BRIEF: Copy, word for word, the lines of the entries below between the one with "Men's Khaki Brown Relaxed Fit Cargo Pants" and the one with "Realistična lutka beba", inclusive, and leave out everything else.

INFORMATION SUPPLIED:
Segment Open

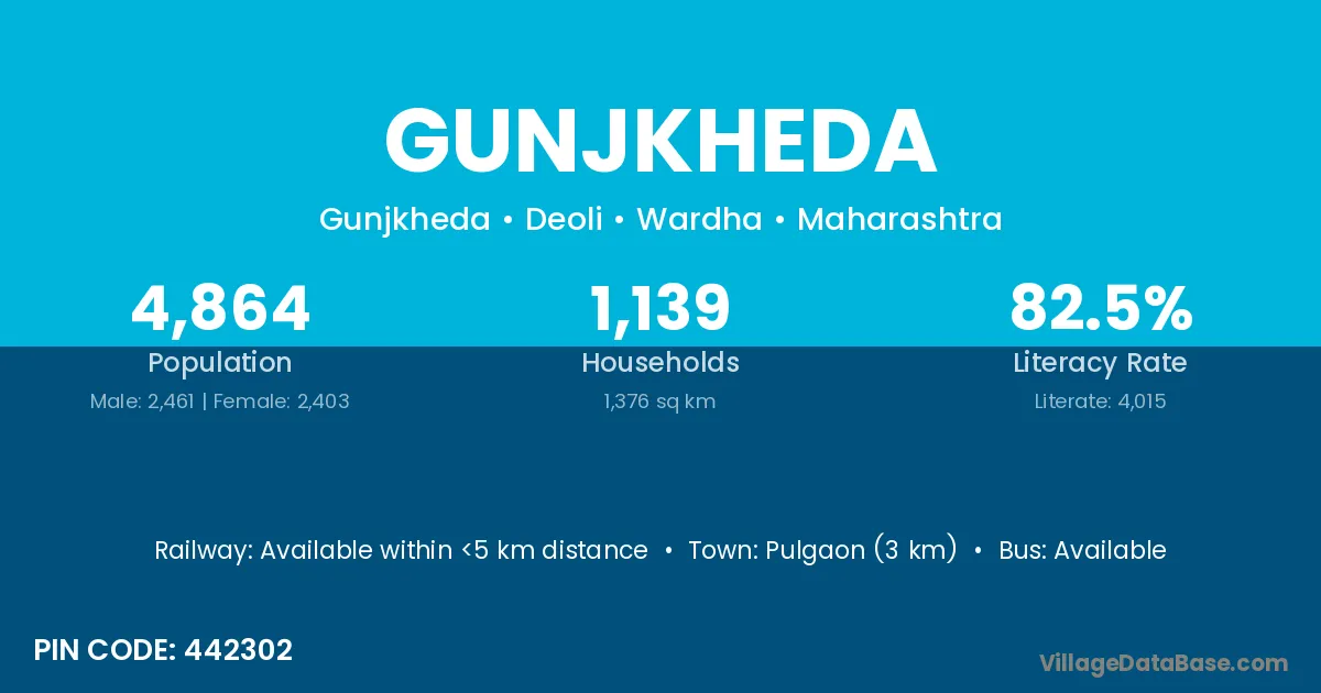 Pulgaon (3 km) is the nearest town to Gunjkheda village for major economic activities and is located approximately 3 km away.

Segment Closed
Segment Open

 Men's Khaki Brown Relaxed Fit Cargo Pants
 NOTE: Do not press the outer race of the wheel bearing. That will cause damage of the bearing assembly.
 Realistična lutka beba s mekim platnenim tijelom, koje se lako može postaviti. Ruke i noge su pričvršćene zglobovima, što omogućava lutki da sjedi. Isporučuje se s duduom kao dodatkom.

Segment Closed
Segment Open

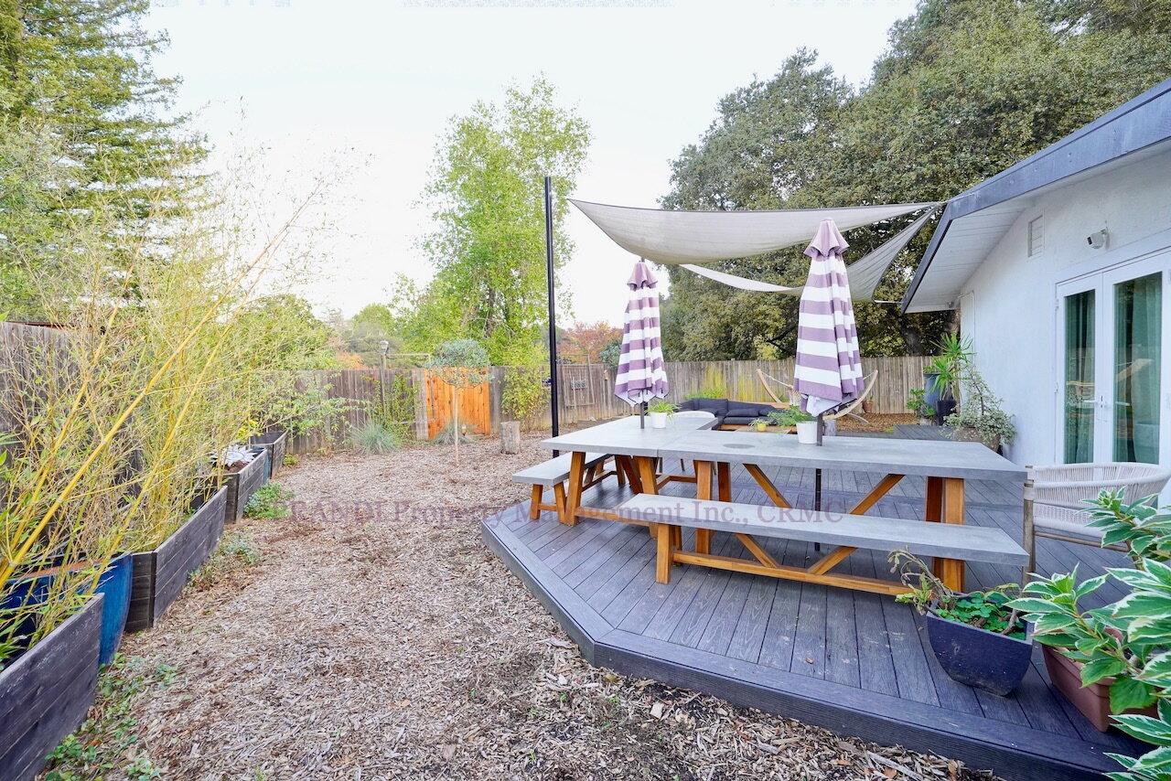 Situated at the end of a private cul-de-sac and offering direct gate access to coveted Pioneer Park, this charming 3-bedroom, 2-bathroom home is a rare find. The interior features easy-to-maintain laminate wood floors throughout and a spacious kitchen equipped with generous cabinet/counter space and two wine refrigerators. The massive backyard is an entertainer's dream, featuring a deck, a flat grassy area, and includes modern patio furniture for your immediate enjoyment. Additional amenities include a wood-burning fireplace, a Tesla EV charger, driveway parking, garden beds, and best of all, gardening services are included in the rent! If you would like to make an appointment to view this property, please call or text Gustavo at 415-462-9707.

Segment Closed

RESPONSE:
 Men's Khaki Brown Relaxed Fit Cargo Pants
 NOTE: Do not press the outer race of the wheel bearing. That will cause damage of the bearing assembly.
 Realistična lutka beba s mekim platnenim tijelom, koje se lako može postaviti. Ruke i noge su pričvršćene zglobovima, što omogućava lutki da sjedi. Isporučuje se s duduom kao dodatkom.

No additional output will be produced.